Apple Computer provided a $1.5 million grant to PTV and became its first national underwriter on June 26, 1995, as part of their "Bring Learning Home" corporate initiative. A "Ready To Learn" grant unveiled on January 8, 1996, supported the development of Dragon Tales and Between the Lions, which premiered in 1999 and 2000, respectively, as well as their online activities and outreach efforts. By September 1996, 95 PBS stations reaching three quarters of the United States were carrying the PTV service. Starting on October 7, 1996, PBS packaged their programs for school-aged children into the block The Game, airing on 31 stations by the end of the year.

PBS announced on January 18, 1999, that it would launch the PBS Kids Channel, meant to be the centerpiece of a larger initiative, in September. On June 9, PBS revealed a wide rebranding of its children's programs and services, known as PBS Kids, at its annual meeting in San Francisco. PBS would also increase its children's programming budget by 25% and commit to two new series: Caillou and Anne of Green Gables: The Animated Series.

PBS Kids
On September 6, 1999, PBS launched the 24-hour PBS Kids television network. The separate network (referred to as the PBS Kids Channel in press materials) was available on high-tier subscription providers, and was also offered to PBS member stations for use on a "cablecast" service (a subscription-based local channel provided by the member station) or for use on the member station's free-to-air analog channel to provide a portion of the daytime PBS Kids programming on the station. Participating stations were required to pay an annual fee of $1,000 to use the feed. At launch, 32 PBS member stations had signed up to use the service. The channel was partly created to compete against the Nick Jr. block and its sister network Noggin; at the time, Noggin was co-owned by the Children's Television Workshop (the production company behind Sesame Street) and Nickelodeon. Because the pay-TV rights to the Children's Television Workshop's programs were owned by Noggin, the channel did not broadcast CTW programming, including longtime PBS staple Sesame Street, though an exception was made with Dragon Tales (which premiered on the same day as the launch of the PBS Kids Channel).

The new PBS Kids branding elements began rolling out on PBS stations in October; PBS provided grants to stations who adopted the new branding early. The PBS Kids website was relaunched with some new areas on February 1, 2000.

The channel was unsuccessful and had only reached 9 million households as of 2002, compared to Noggin's 23.3 million households at the time.

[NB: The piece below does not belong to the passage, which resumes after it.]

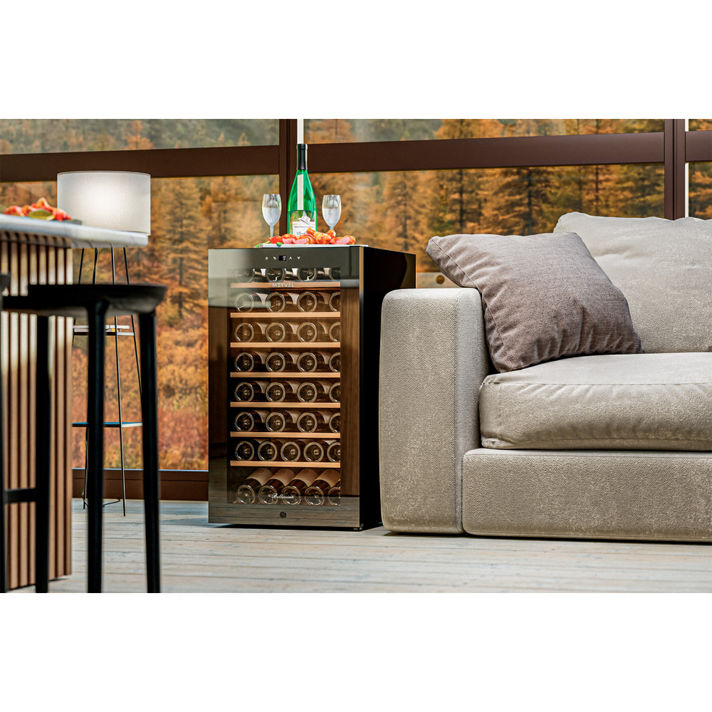 С эффективным типом прямого охлаждения и поддержкой температуры в диапазоне от +5 до +20°C, это устройство содержит вина в оптимальном состоянии. А с влажностью, контролируемой в пределах 60-80%, напитки долго не потеряют свои вкус и аромат. Двойное стекло с УФ-фильтром обеспечивает надежную защиту от пагубных солнечных лучей.

The PBS Kids network was shut down on September 26, 2005, in favor of a new commercial cable and satellite joint venture channel, PBS Kids Sprout, which was developed in partnership with Sesame Workshop, HIT Entertainment and Comcast (who later bought full control of the network via NBCUniversal).

PBS later revived the PBS Kids Channel on January 16, 2017, this time being structured as a multi-platform service with an online streaming option in addition to utilizing largely the same distribution methods that had been used for the original channel.

In June 2022, it was announced that PBS Kids would inaugurate a new, text-only logo set upon a disc element, on July 19, 2022.

Block and local channels

PBS gave licensees an option to sign on Sprout promoters while indicating that they should retain PBS Kids programming block during the day time. Half of stations programmed their own children's channel. PBS offered a replacement early school-aged kids network based on the block PBS Kids Go! by April 2006 to be launched in October 2006, but was cancelled before launch.

On May 8, 2013, PBS Kids programming was added to the Roku streaming player.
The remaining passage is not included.